Mental health funding largely escaped a government-wide halt in new spending under President Obama's proposed $3.8 trillion budget for the next fiscal year, which begins on October 1.
The mental health program winners in the new budget—released in February—include the National Institutes of Health (NIH), the Substance Abuse and Mental Health Services Administration (SAMHSA), and community health centers. The increases in those areas came despite Obama's promise to flatline most federal discretionary spending in the Fiscal 2011 budget as part of a three-year freeze in new spending.
“We're very, very encouraged,” said Lizbet Boroughs, associate director of APA's Department of Government Relations, about the proposed mental health funding.
The NIH would get a $1 billion boost in Fiscal 2011, to $32.3 billion, under the president's budget. That increase would benefit research funding at NIH's three mental-healthrelated institutes—the National Institute of Mental Health, National Institute on Drug Abuse, and National Institute on Alcohol Abuse and Alcoholism.
The SAMHSA budget, which provides the bulk of the federal government's funding for mental health services, also would grow by $110 million, or 3.2 percent under the Obama budget. Additionally, mental health programs at community health centers would receive $25 million of a $290 million overall increase proposed for the centers.

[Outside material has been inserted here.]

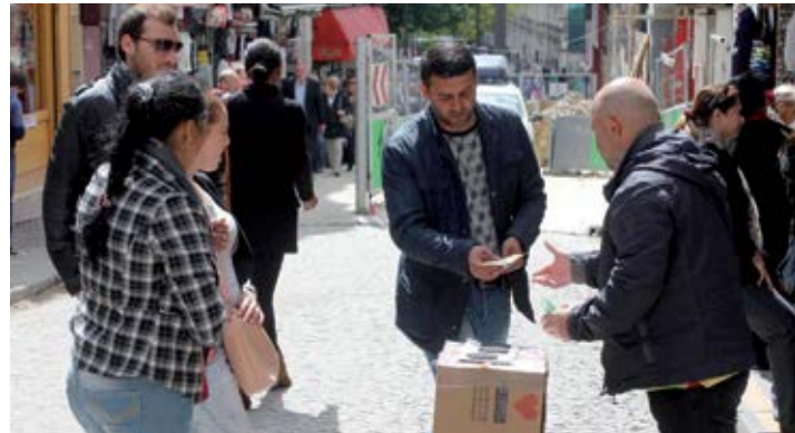
Des gobelets au bonneteau, du magicien à l'arnaque de rue

Medicaid—the biggest single payer for mental health care nationwide—would also see significant increases in its funding under Obama's budget. The president proposed $26 billion in new spending to extend a Medicaid funding increase provided under the 2009 economic stimulus law (PL 111-5). That measure provided states with $87 billion in additional funding for their portion of the joint federal-state program, but the stimulus money runs out at the end of Fiscal 2010. State governments made numerous cuts to Medicaid in 2009 and were concerned that the end of the stimulus assistance would force them to implement further cuts.
The budget came up short, however, in some other areas, according to Boroughs, including its call for continued static funding for the mental health block grant program. The program is seen as a critical source of funding for states looking to bolster mental health care within their Medicaid programs. Rural states with the least tax revenues to afford Medicaid spending on their own would be the most impacted by static block grant budgets.
Although the Mental Health Liaison Group, an umbrella mental health advocacy organization to which APA belongs, has not yet prepared a formal mental health funding request, mental health advocates are expected to request additional spending beyond that requested by the Obama administration. Specifically, these advocates plan to request an additional $20 million, or a 20 percent increase, for the mental health block grant program.